## [EXERCISE]
Copy the closing run of lines, from the one with "- en-CA There" through the last line of the listing, exactly and without any pictures.

--- INPUT RECORDS Enclosed Below ---

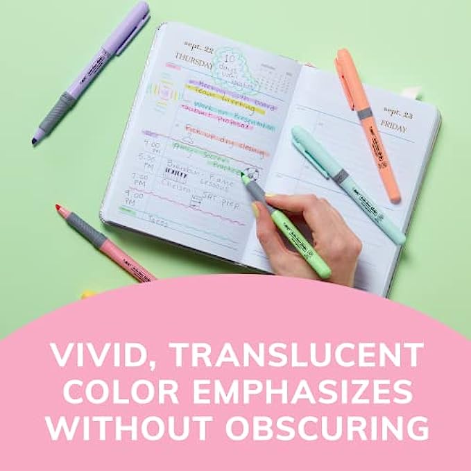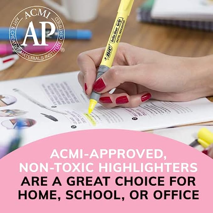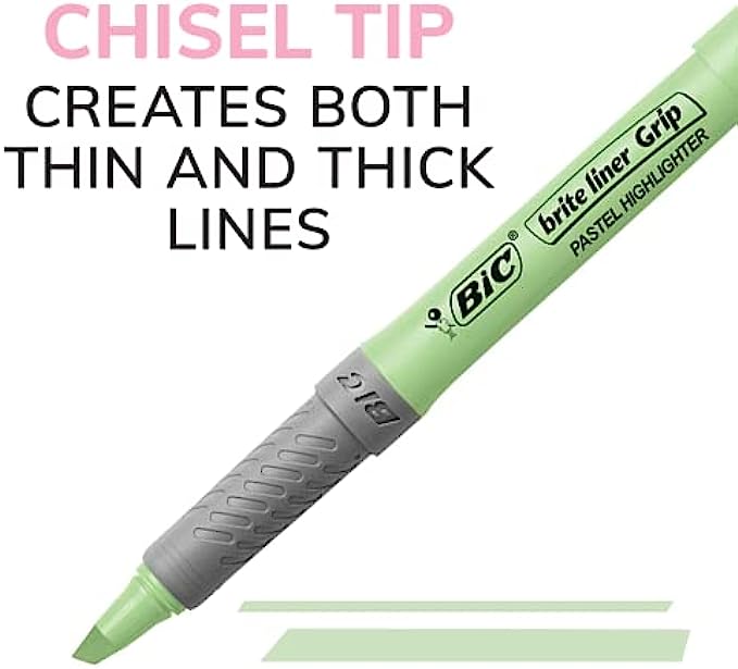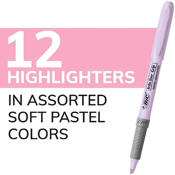 BIC Brite Liner Grip Pastel Highlighter Set, Chisel Tip, 12-Count Pack of Pastel Highlighters in Assorted Colors, Cute Highlighters for Bullet Journal Exercises, Note Taking and More
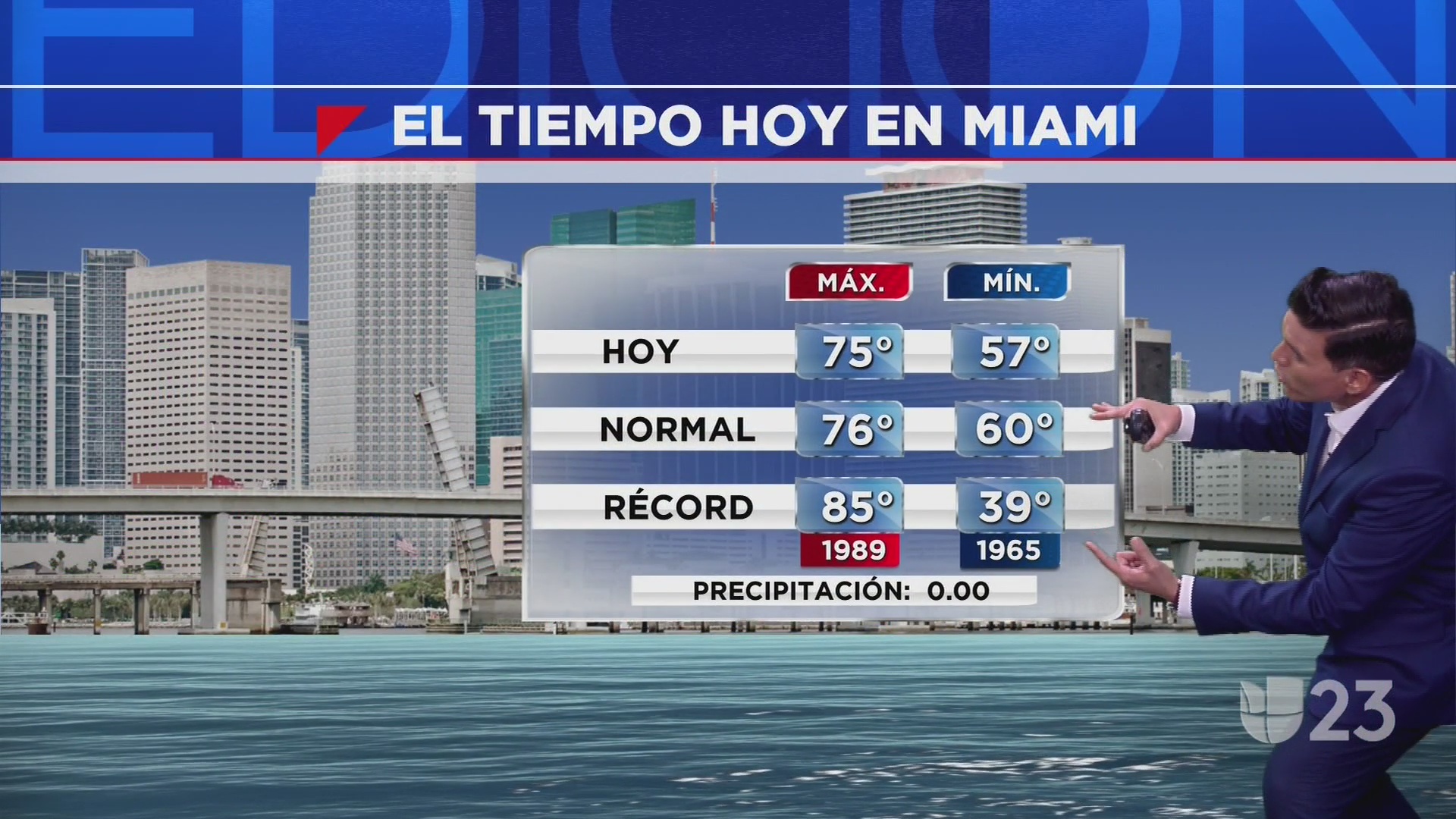 En miami en el transcurso de la jornada cielos poco nubosos con mucho calor y temperaturas altas de hasta 32ºc. Entrevista exclusiva con donald trump. Clima, temperatura y pronóstico diario para la ciudad de miami. Vientos flojos del sureste con velocidades de hasta 14 km/h. Pronóstico del tiempo en miami, fl para hoy y esta noche, condiciones meteorológicas y radar doppler de the weather channel y weather.com.
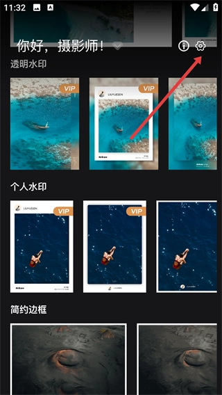 1、打开边框水印大师App,点击右上角的【设置】按钮进入设置页面。
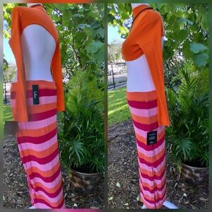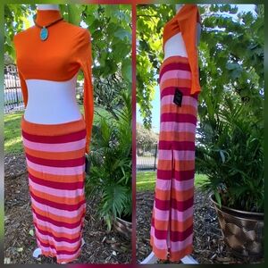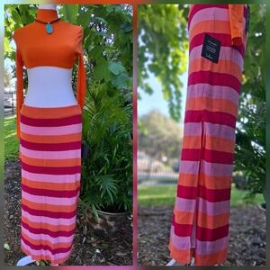 🔥NWT Lulu's Vibrant STRIPED Knit Maxi SKIRT XL & FREE GIFT
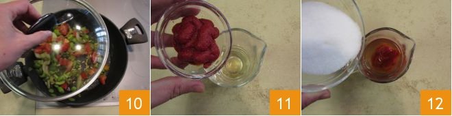 give it a good stir, and cover with a lid 10. Let it cook for about 15 minutes. Meanwhile, prepare the sweet and sour sauce by mixing vinegar, tomato paste 11, and sugar in a bowl. Mix well 12.
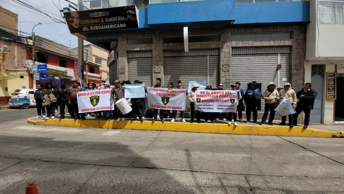 Puno, 16 de diciembre 2025 – Por segundo día consecutivo, trabajadores del Instituto Nacional Penitenciario (INPE) realizaron una protesta en la ciudad de Puno en rechazo a la detención de cuatro agentes penitenciarios, acusados por la Fiscalía de Derechos Humanos de presuntamente torturar a un interno del penal de Puno. Los manifestantes denunciaron presuntas irregularidades en la actuación fiscal, vulneración del debido proceso y advirtieron que, de no obtener una respuesta concreta de las autoridades, el sindicato penitenciario podría iniciar una huelga nacional.
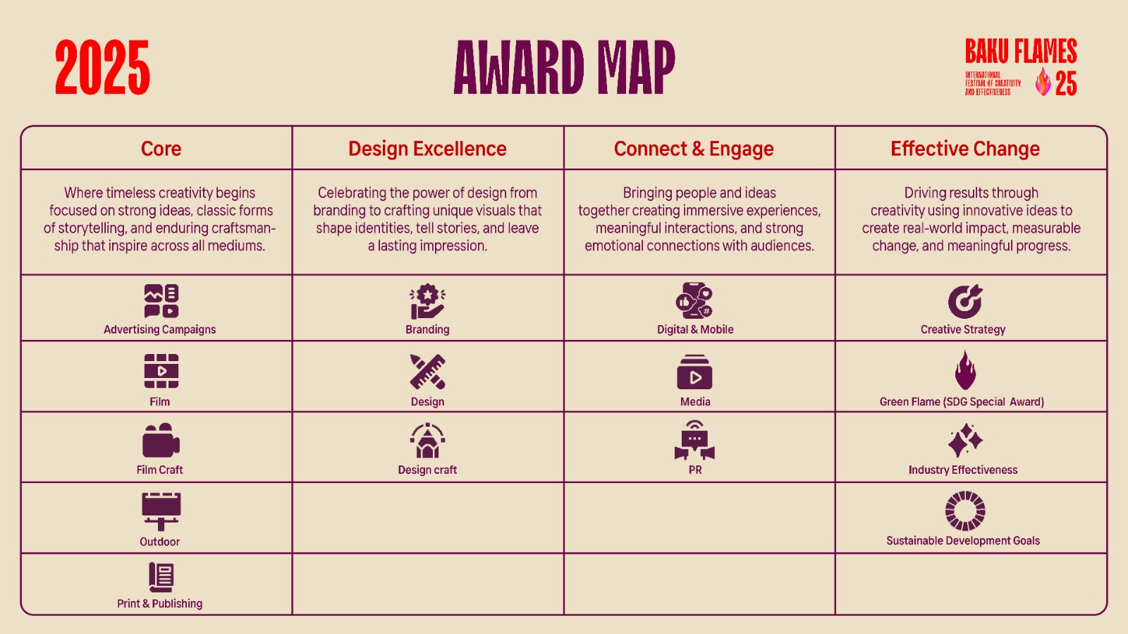 - Festivalın ən önəmli hadisəsi — “Baku Flames Mükafatlandırma Mərasimi”ndə yaradıcı və effektiv işlərin mükafatlandırılması.
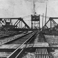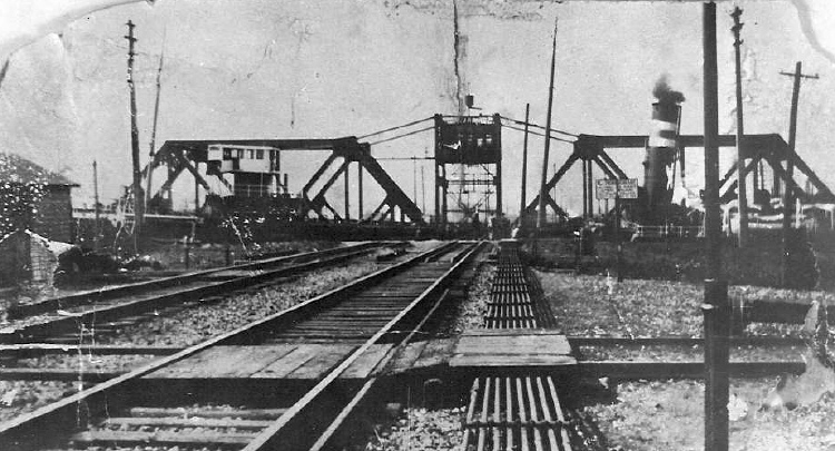 - en-CA There is a boat in the lock at the right, swing bridges fro CNR tracks crossing the canal .
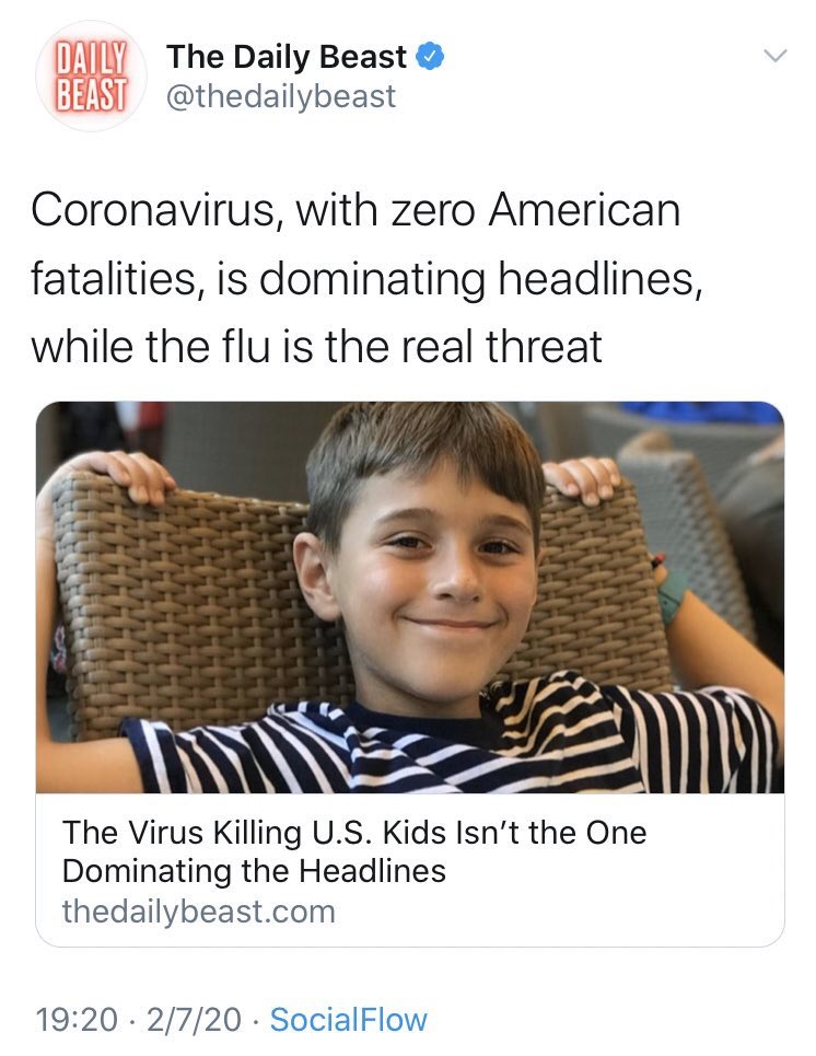 Influenza has killed 22,000 Americans SO FAR this season. But the Wuhan virus, at less than 5,000 deaths worldwide is going to end civilization as we know it.

--- End of Enclosed INPUT RECORDS ---

## [RESPONSE]
 - en-CA There is a boat in the lock at the right, swing bridges fro CNR tracks crossing the canal .
 Influenza has killed 22,000 Americans SO FAR this season. But the Wuhan virus, at less than 5,000 deaths worldwide is going to end civilization as we know it.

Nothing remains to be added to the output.